### Provided records ###

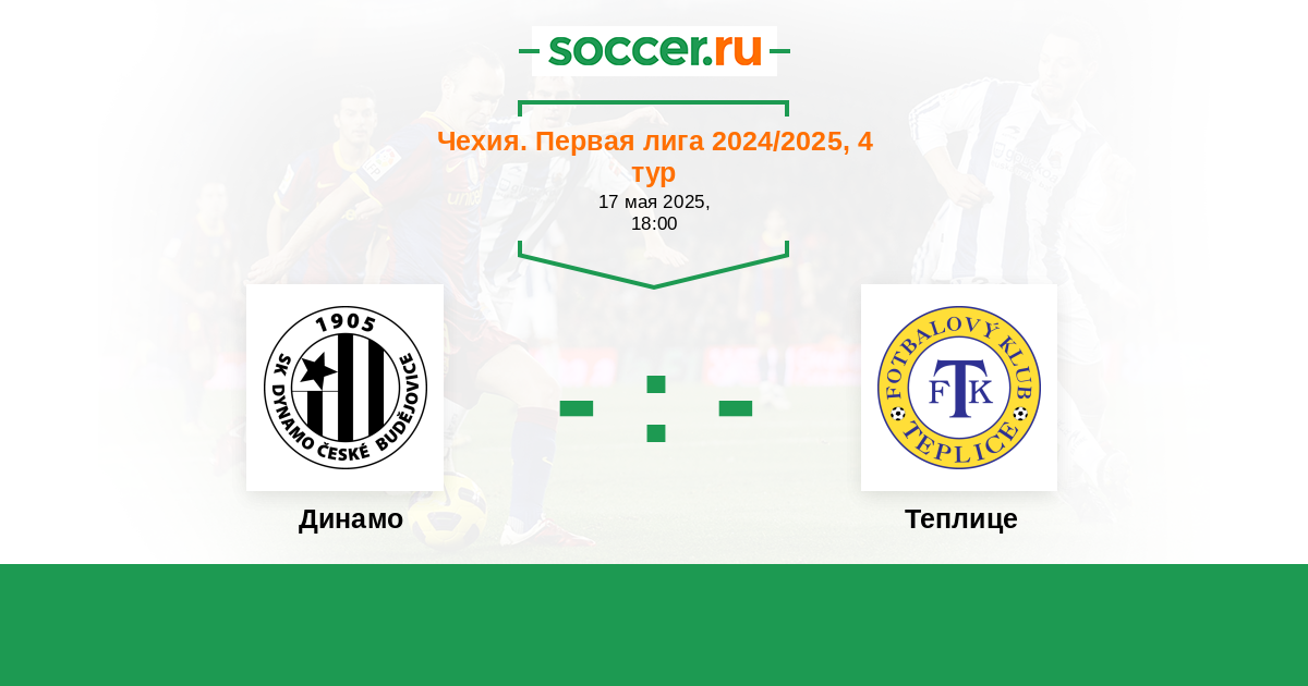 Чехия. Первая Лига 25.07.2021 Динамо Логотип футбольный клуб Динамо (Ческе-Будеевице) 1:0 Логотип футбольный клуб Теплице Теплице
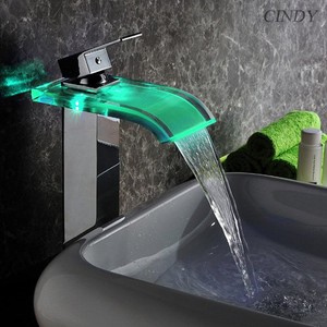 Led Bathroom Sink Faucet Vessel Waterfall Water Flow
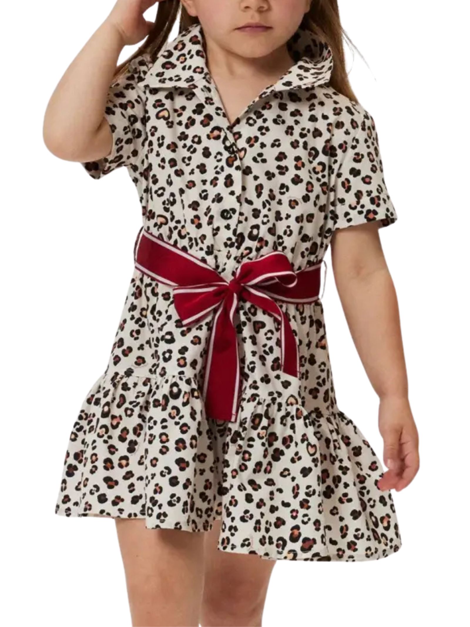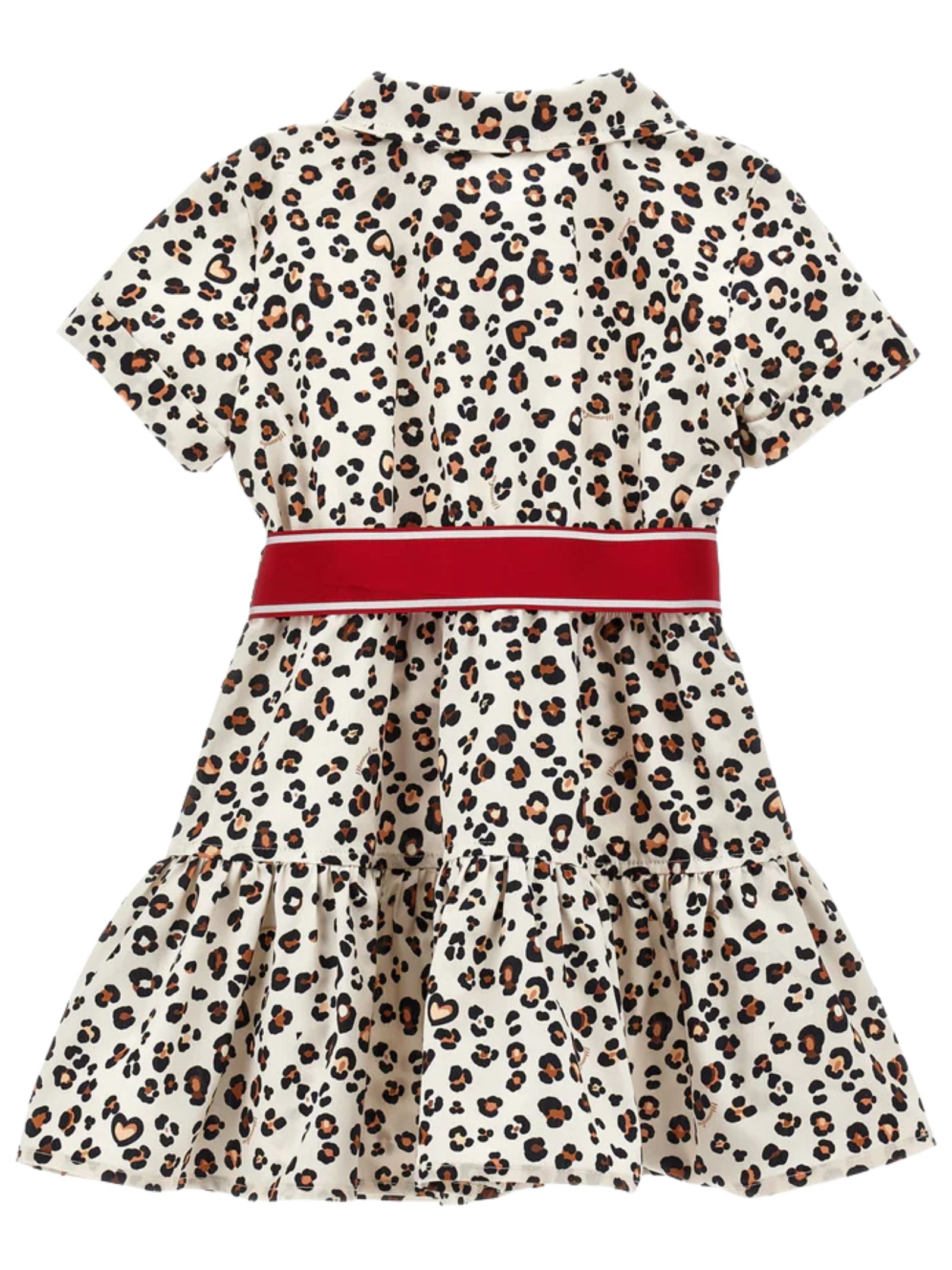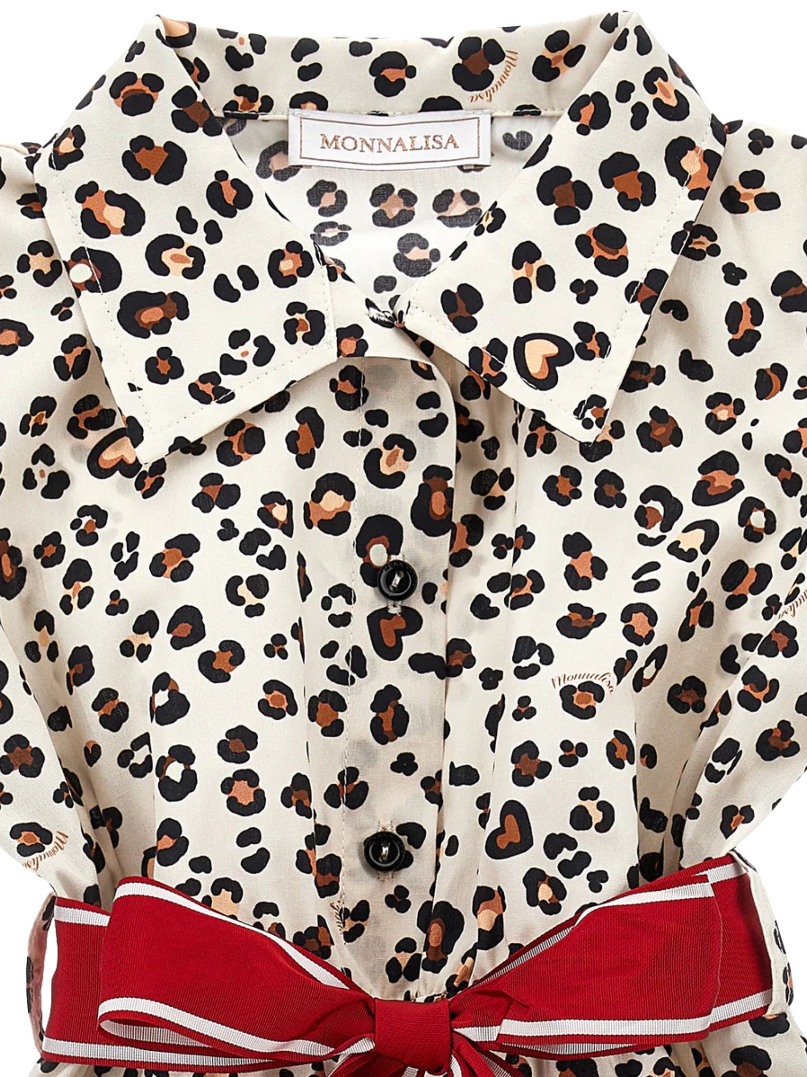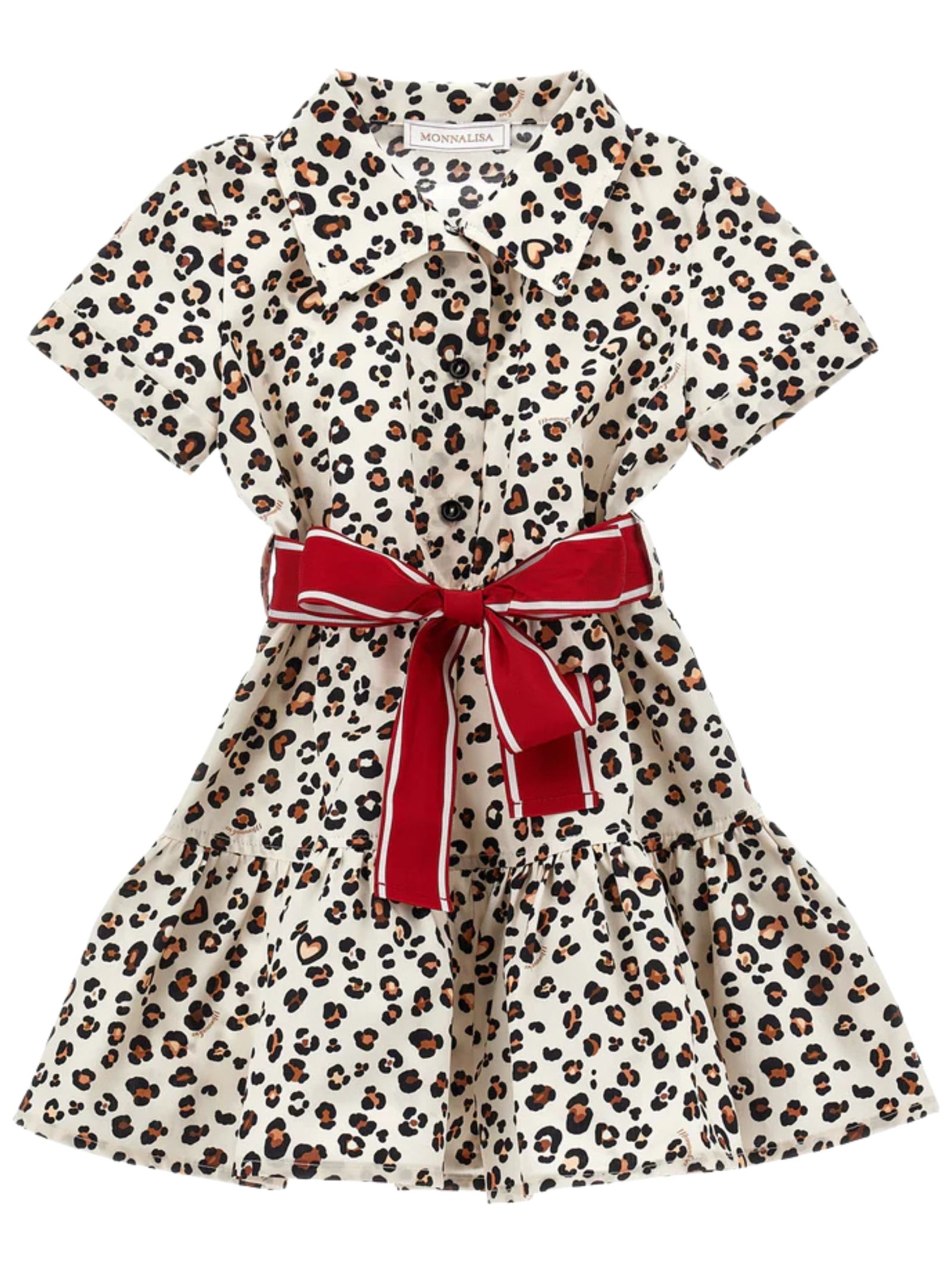 Monnalisa Kids abito in fantasia maculata, cintura removibile rosso in vita, mezza manica, bottoni frontali, design svasato, fonod con rouches. Composizione: 100% cotone. Made in Italy
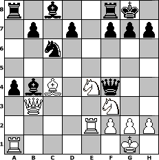 game notation in PGN-format [Event "4. Norderstedter DENK MAL Open 2013"] [Site "www.myChess.de"] [Date "2013.01.09"] [Round "1"] [White "Teresa"] [Black "haggard"] [ECO "A46"] [WhitemyELO "1509"] [BlackmyELO "1985"] [Result "0-1"] [TimeControl "10/2592000"] [WhiteDays "30"] [BlackDays "30"] [MyChessNo "86025"] 1. d4 Nf6 2. Nf3 c5 3. e4 Nxe4 4. d5 e6 5. c4 Be7 6. a3 Qa5+ 7. Nbd2 Nf6 8. Bd3 exd5 9. cxd5 Nxd5 10. O-O Nc6 11. Re1 Qc7 12. Ne4 O-O 13. b4 cxb4 14. Qb3 Nf4 15. Bxf4 Qxf4 16. axb4 Bxb4 17. Re2 a5 18. Bc4 a4 0-1 position notation in FEN-format r1b2rk1/1p1p1ppp/2n5/8/pbB1Nq2/1Q3N2/4RPPP/R5K1 - - - 0 19 Captured white pieces: Captured black pieces: Click on a captured piece in order to display the desired move!
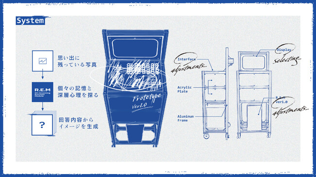 本コンテンツは、AI技術によって、画像といくつかの質問から夢のイメージを生成するシステムREM(Re-Dreaming Emulating Module)を使ってあなたが今晩見るであろう夢をビジュアライズする実験的な体験コンテンツです。高性能画像生成AIにより、体験者の思い出に残っている写真をベースに、個々の記憶と深層心理を探る質問に回答してもらうことで、現在-過去-心理に大きく3構成に分けてモーフィングでイメージを生成します。
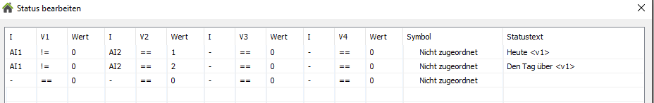 Also am einfachsten mal zwei Texte in den Statusbaustein schreiben und mit einen Schalter am Eingang dafür sorgen, dass Text 1 bei Schalter ein und Text 2 bei Schalter aus gesendet wird.
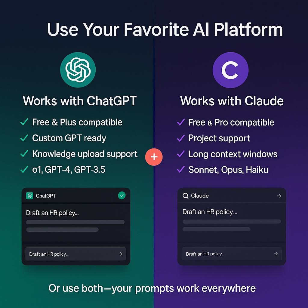 AI Platform: Works with ChatGPT (3.5, 4, o1), Claude (Sonnet, Opus), or any AI that accepts text prompts
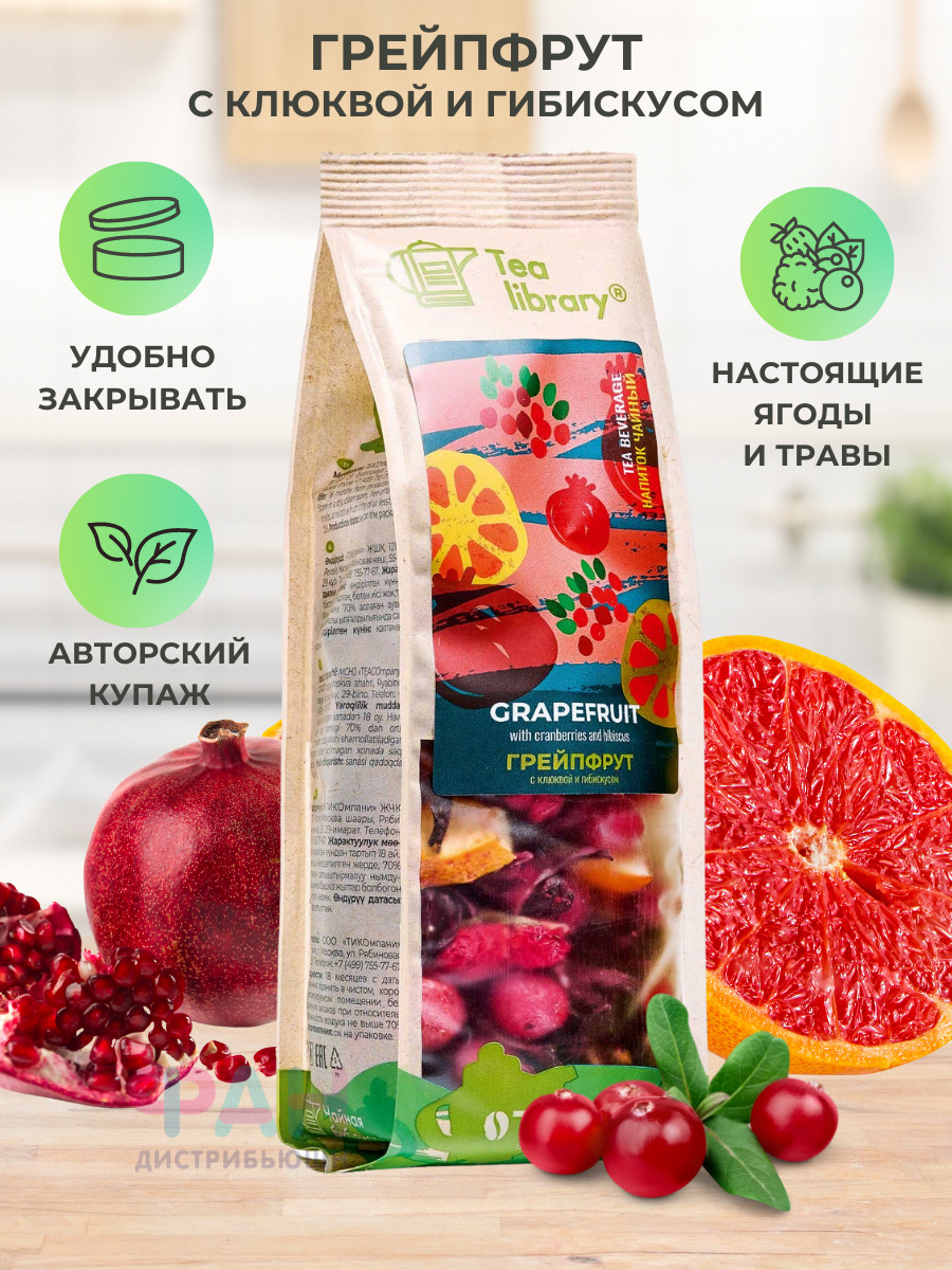 Чай листовой фруктовый Чайная Библиотека Грейпфрут с клюквой и гибискусом, авторский, 100г
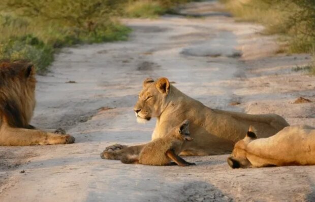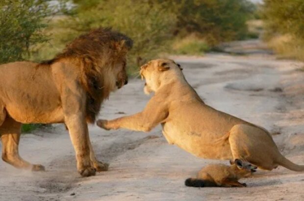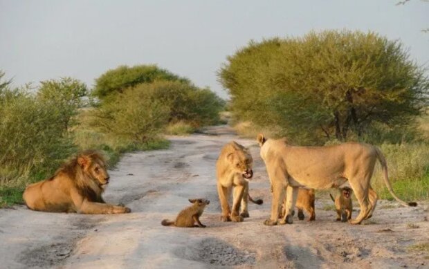 Nicméně téměř lidské emoce nejsou těmto zvířatům cizí. Pracovníci v národním parku v Botswaně byli svědky zajímavé scény. Viděli lví smečku, která se postupně pohybovala po silnici. Na jejich cestě leželo zmrzačené mládě lišky pouštní.
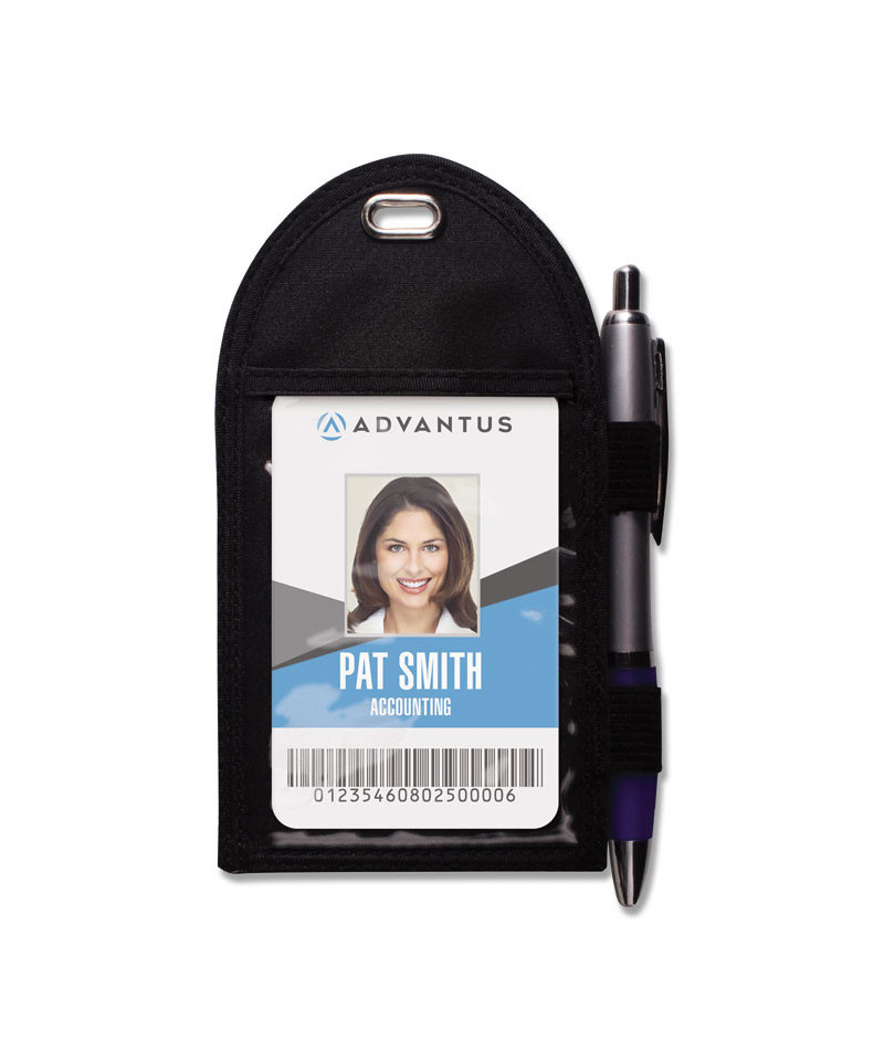 This durable badge holder includes a loop for keeping your pen handy. Metal-lined punch at the top of the holder allows for easy attachment to a lanyard or badge reel. Includes an additional hook and loop closure pocket on the back for cash, business cards, or other small items.

###

Task prompt:
Would you repeat exactly, and only, the lines from the start of the records above through the line containing "Monnalisa Kids abito", with the pictures omitted?

Solution to this problem:
 Чехия. Первая Лига 25.07.2021 Динамо Логотип футбольный клуб Динамо (Ческе-Будеевице) 1:0 Логотип футбольный клуб Теплице Теплице
 Led Bathroom Sink Faucet Vessel Waterfall Water Flow
 Monnalisa Kids abito in fantasia maculata, cintura removibile rosso in vita, mezza manica, bottoni frontali, design svasato, fonod con rouches. Composizione: 100% cotone. Made in Italy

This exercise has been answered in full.